# Data shown
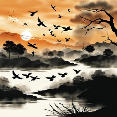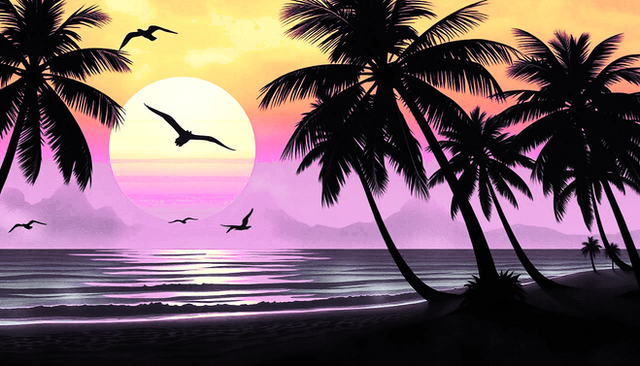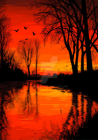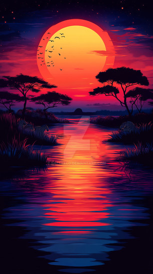 #digitalart #landscapepainting #sky #reflection #birds #dusk #graphic #journey #landscape #migration #nature #orange #outdoors #palmtrees #peaceful #river #serene #silhouette #simple #sun #sunset #travel #vibrant #warm #water #art
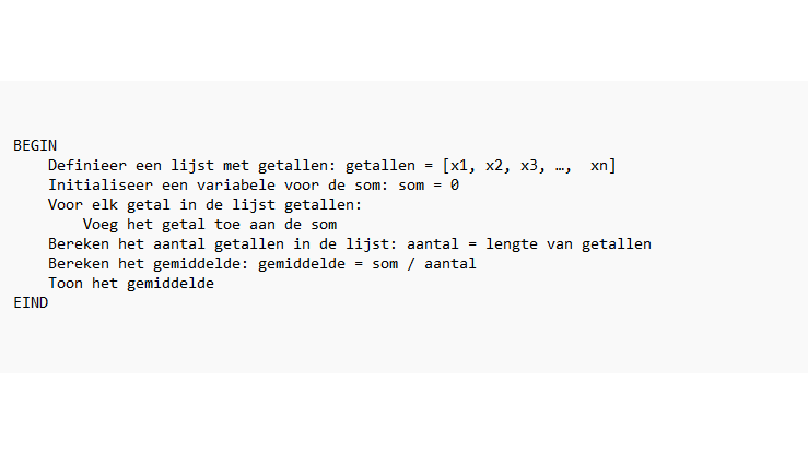 In de afgelopen jaren hebben computerprogramma’s veel processen geautomatiseerd. Deze programma’s waren gebaseerd op regels (rule based), en hadden dus een logische opbouw. De mens leverde de regels en de input, en het programma deed de rest. Zelfs als je niet kunt programmeren, kun je voor eenvoudige taken de regels zelf wel bedenken. Neem bijvoorbeeld pseudocode (een beschrijving van de logica van een algoritme, zonder de strikte syntax van een programmeertaal) voor het berekenen van een gemiddelde. Deze kan er als volgt uitzien:
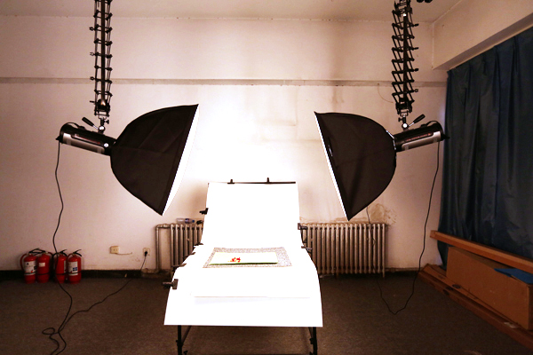 图-6 2014年建立的摄影实验室,配备十二台专业摄影灯、天花路轨、背景幕布、静物台、化妆台

# Exercise directions
No pictures, please. Output the listing above exactly as it stands.

# Reply to the exercise
 #digitalart #landscapepainting #sky #reflection #birds #dusk #graphic #journey #landscape #migration #nature #orange #outdoors #palmtrees #peaceful #river #serene #silhouette #simple #sun #sunset #travel #vibrant #warm #water #art
 In de afgelopen jaren hebben computerprogramma’s veel processen geautomatiseerd. Deze programma’s waren gebaseerd op regels (rule based), en hadden dus een logische opbouw. De mens leverde de regels en de input, en het programma deed de rest. Zelfs als je niet kunt programmeren, kun je voor eenvoudige taken de regels zelf wel bedenken. Neem bijvoorbeeld pseudocode (een beschrijving van de logica van een algoritme, zonder de strikte syntax van een programmeertaal) voor het berekenen van een gemiddelde. Deze kan er als volgt uitzien:
 图-6 2014年建立的摄影实验室,配备十二台专业摄影灯、天花路轨、背景幕布、静物台、化妆台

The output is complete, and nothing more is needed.